Summarize file with column matching

newbie83 · November 11, 2011, 2:24pm

Guys,

Please help me with this code. I have 2GB file to process and shell seems to be the best option. I am a biologist and though I can think of the logic, the commands are beyond me. Any help is greatly appreciated.

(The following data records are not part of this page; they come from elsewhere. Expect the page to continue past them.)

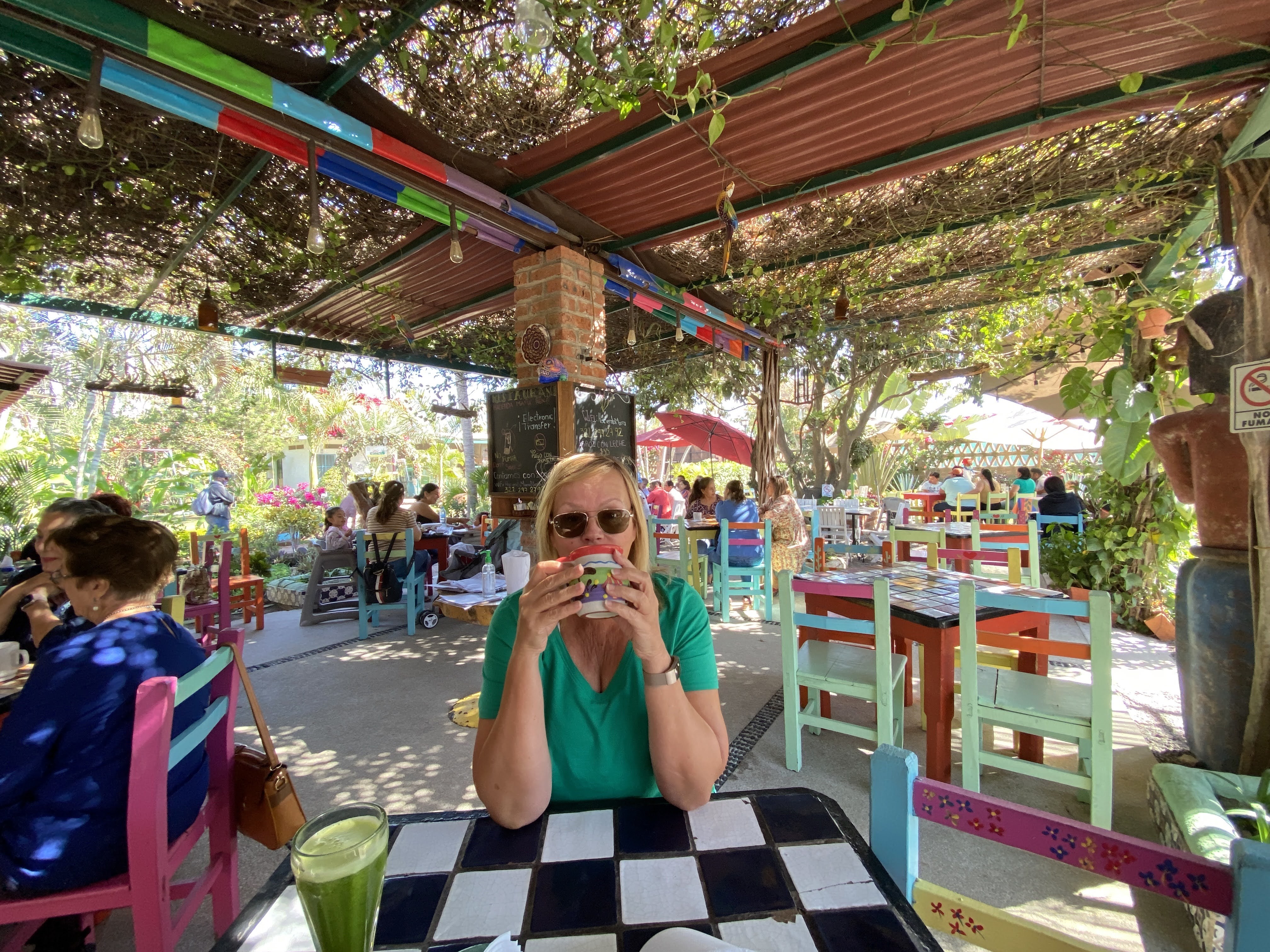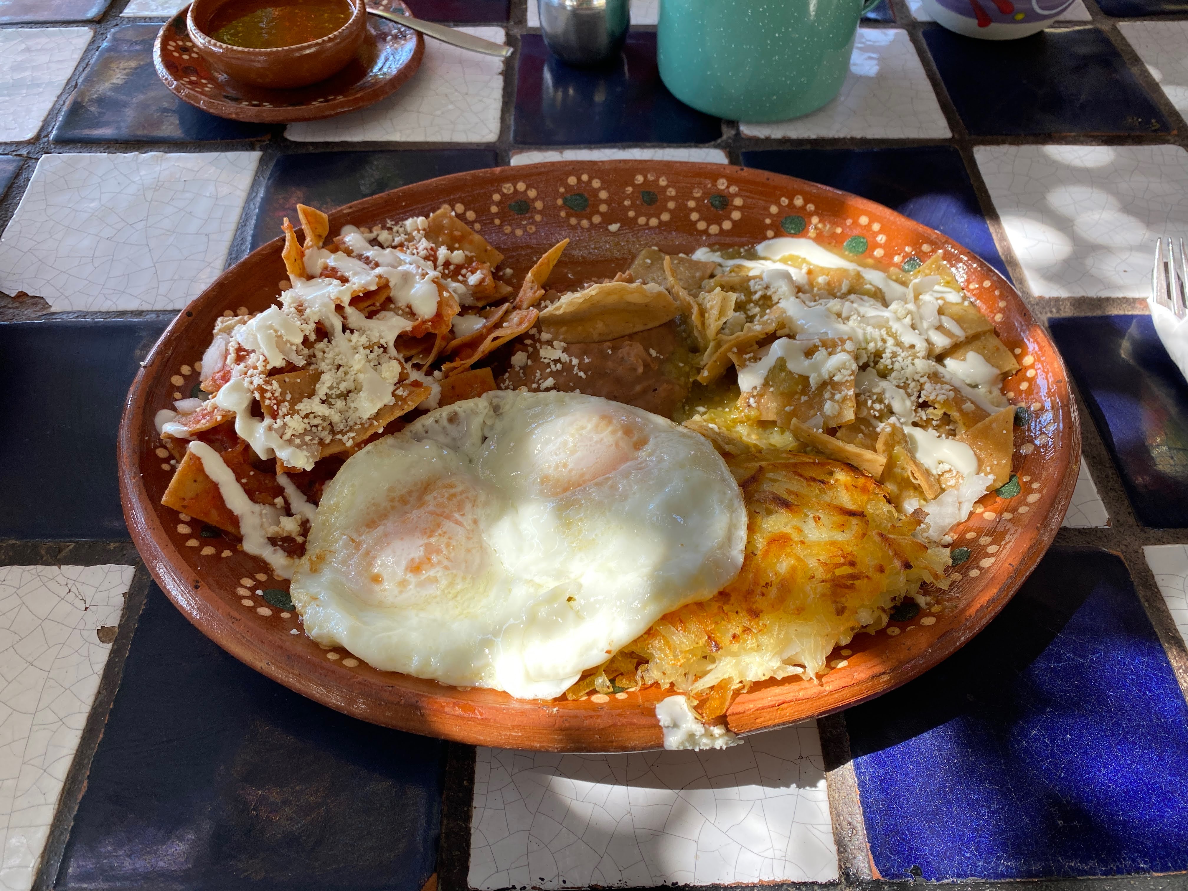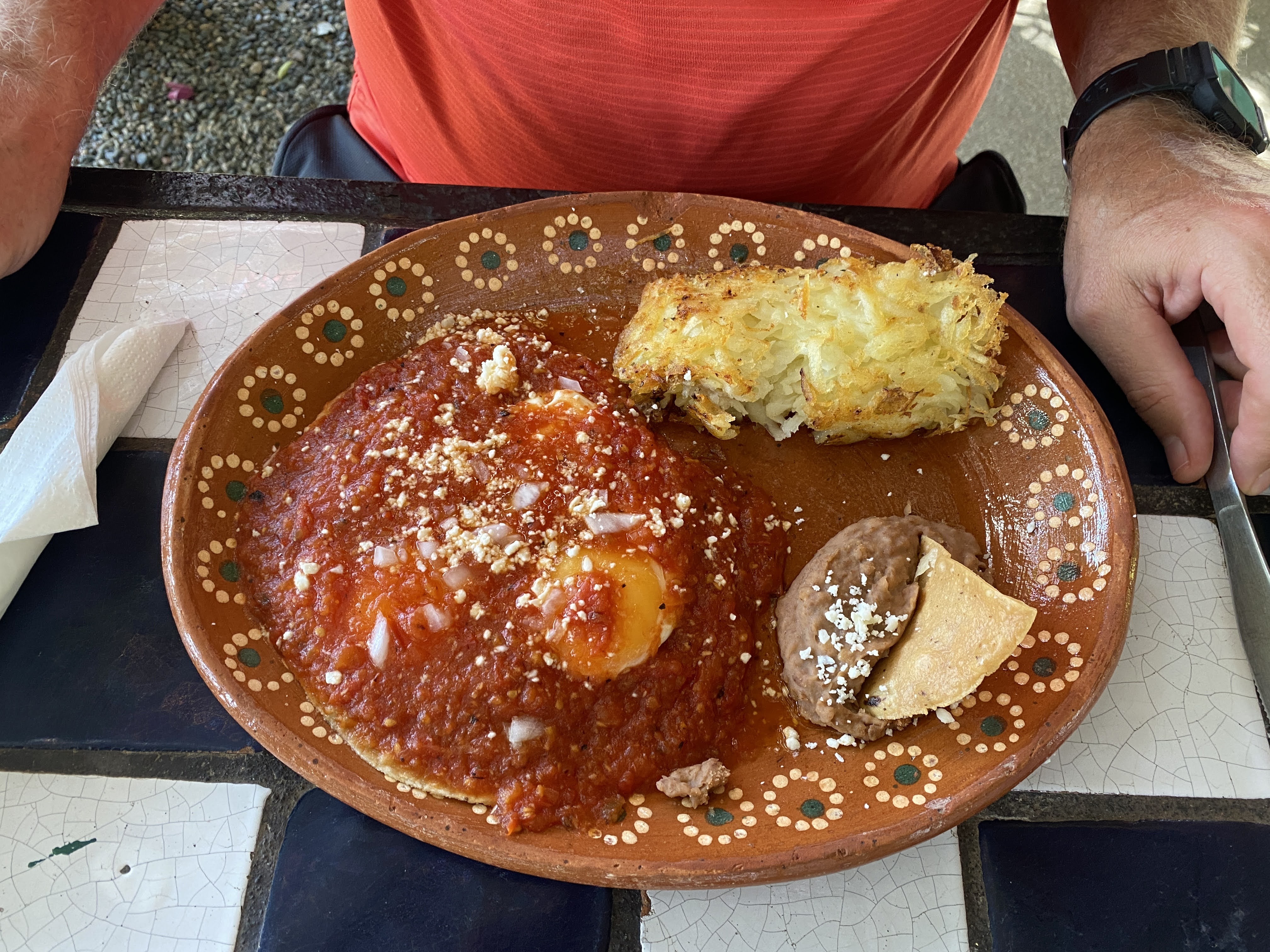 We slept in then stopped at the bank on our way to Mama Nena. We didn’t have any food left in the condo, not even milk for coffee. The place was packed but as usual we were the only tourists. I had Chilaquiles and Pogo had Huevos Rancheros. The orange bougainvilleas had a few hummingbirds flying around all during our breakfast.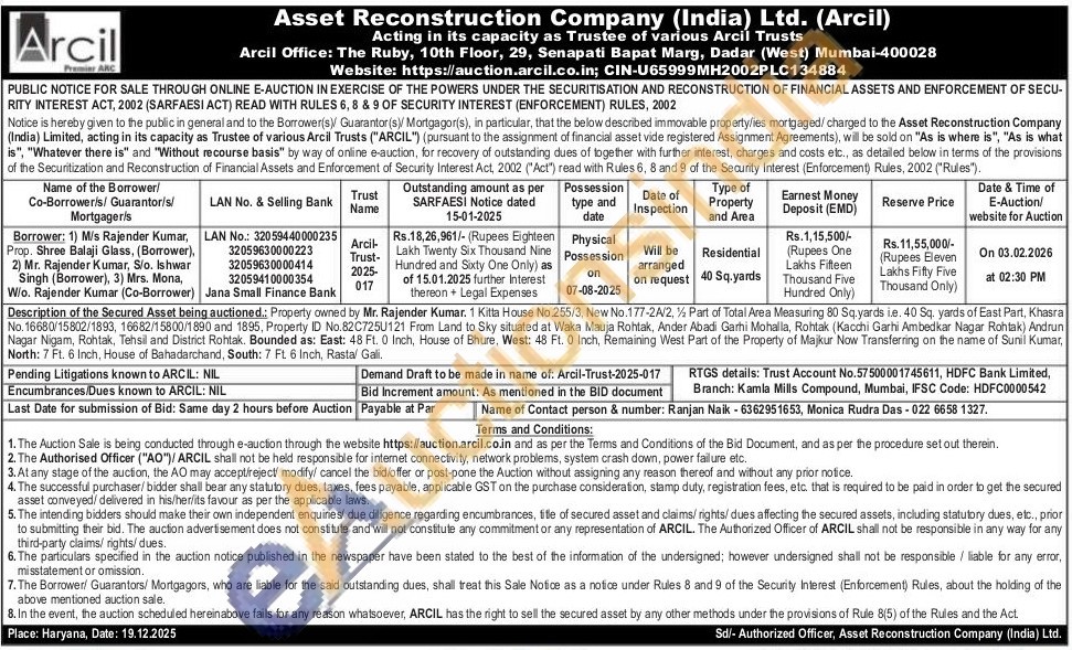 Description of the Secured Asset being auctioned.: Property owned by Mr. Rajender Kumar. 1 Kitta House No.255/3, New No.177-2A/2, ½ Part of Total Area Measuring 80 Sq.yards i.e. 40 Sq. yards of East Part, Khasra No. 16680/15802/1893, 16682/15800/1890 and 1895, Property ID No.82C725U121 From Land to Sky situated at Waka Mauja Rohtak, Ander Abadi Garhi Mohalla, Rohtak (Kacchi Garhi Ambedkar Nagar Rohtak) Andrun Nagar Nigam, Rohtak, Tehsil and District Rohtak. Bounded as: East: 48 Ft. 0 Inch, House of Bhure, West: 48 Ft. 0 Inch, Remaining West Part of the Property of Majkur Now Transferring on the name of Sunil Kumar, North: 7 Ft. 6 Inch, House of Bahadarchand, South: 7 Ft 6 Inch, Rasta/ Gali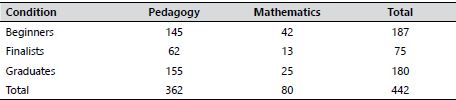 Research focused on groups made up of students and graduates in different situations: a) beginners in the Mathematics and Pedagogy courses who entered in the second semester of 2010 and the first semester of 2011; b) students concluding the same two courses in the first semester of 2012; and c) students that had graduated and left in any one of the five semesters from the 2nd semester of 2010 to the 2nd semester of 2012. Table 1 shows the numbers of students, by course and by condition in the course (undergraduate beginner, undergraduate finalist or graduate).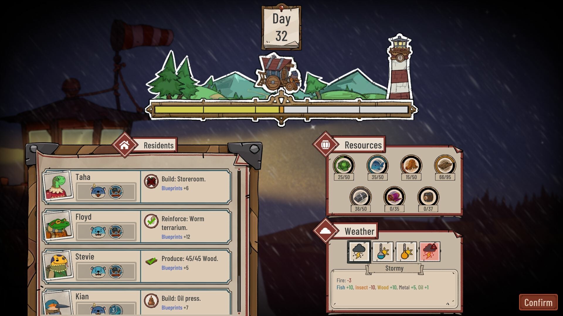 Latarnik regularnie przyjmuje do osady antropomorficznych przybyszów. Każda osoba jest wyjątkowa, ma inne cechy i specyficzną wiedzę, ale też prośby, które musisz spełnić. Bierz te informacje pod uwagę, by zbudować gościnną, zrównoważoną społeczność.

Please look at the attched file and the requirement will be very clear.

I want to count rows from file2 which match columns from file 1 and group the rows.

1) FILE 1 : col 1 and 3 has to be matched with FILE 2:col 1 and 2.
2) When condition1 is satisfied, I need to count and separate rows in FILE:1 belonging to group1 or group 2.
Compare FILE 1 :col 3 to FILE 2 : cols 3 and 4, if they are of different lengths then
trim the last character from FILE1 col3 and compare.
If it matches with FILE2:col 3, then increment group 1.
If it matches with FILE2:col 4, then increment group 2.
If it does not match any, assign it to grp1 or grp2 whichever has the value blank,if none of the two is blank then ignore that row.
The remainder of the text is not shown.